TIDMAD: Time Series Dataset for Discovering Dark Matter with AI Denoising

J. T. Fry,Aobo Li,Lindley Winslow,Xinyi Hope Fu,Zhenghao Fu,Kaliroe M. W. Pappas
2024-06-06
Abstract:Dark matter makes up approximately 85% of total matter in our universe, yet it has never been directly observed in any laboratory on Earth. The origin of dark matter is one of the most important questions in contemporary physics, and a convincing detection of dark matter would be a Nobel-Prize-level breakthrough in fundamental science. The ABRACADABRA experiment was specifically designed to search for dark matter. Although it has not yet made a discovery, ABRACADABRA has produced several dark matter search results widely endorsed by the physics community. The experiment generates ultra-long time-series data at a rate of 10 million samples per second, where the dark matter signal would manifest itself as a sinusoidal oscillation mode within the ultra-long time series. In this paper, we present the TIDMAD -- a comprehensive data release from the ABRACADABRA experiment including three key components: an ultra-long time series dataset divided into training, validation, and science subsets; a carefully-designed denoising score for direct model benchmarking; and a complete analysis framework which produces a community-standard dark matter search result suitable for publication as a physics paper.
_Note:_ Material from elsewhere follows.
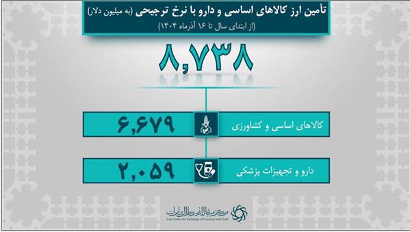 به گزارش روابط عمومی بانک مرکزی از این میزان، ۸ میلیارد و 738 میلیون دلار به واردات کالاهای اساسی و دارو شامل 6 میلیارد و 679 میلیون دلار برای نهادهها و بخش کشاورزی و 2 میلیارد و 59 میلیون دلار برای واردات دارو و تجهیزات پزشکی تخصیص یافته است.

This data release enables core AI algorithms to extract the signal and produce real physics results thereby advancing fundamental science. The data downloading and associated analysis scripts are available at <a class="link-external link-https" href="https://github.com/jessicafry/TIDMAD" rel="external noopener nofollow">this https URL</a>
Instrumentation and Methods for Astrophysics,Machine Learning,High Energy Physics - Experiment
What problem does this paper attempt to address?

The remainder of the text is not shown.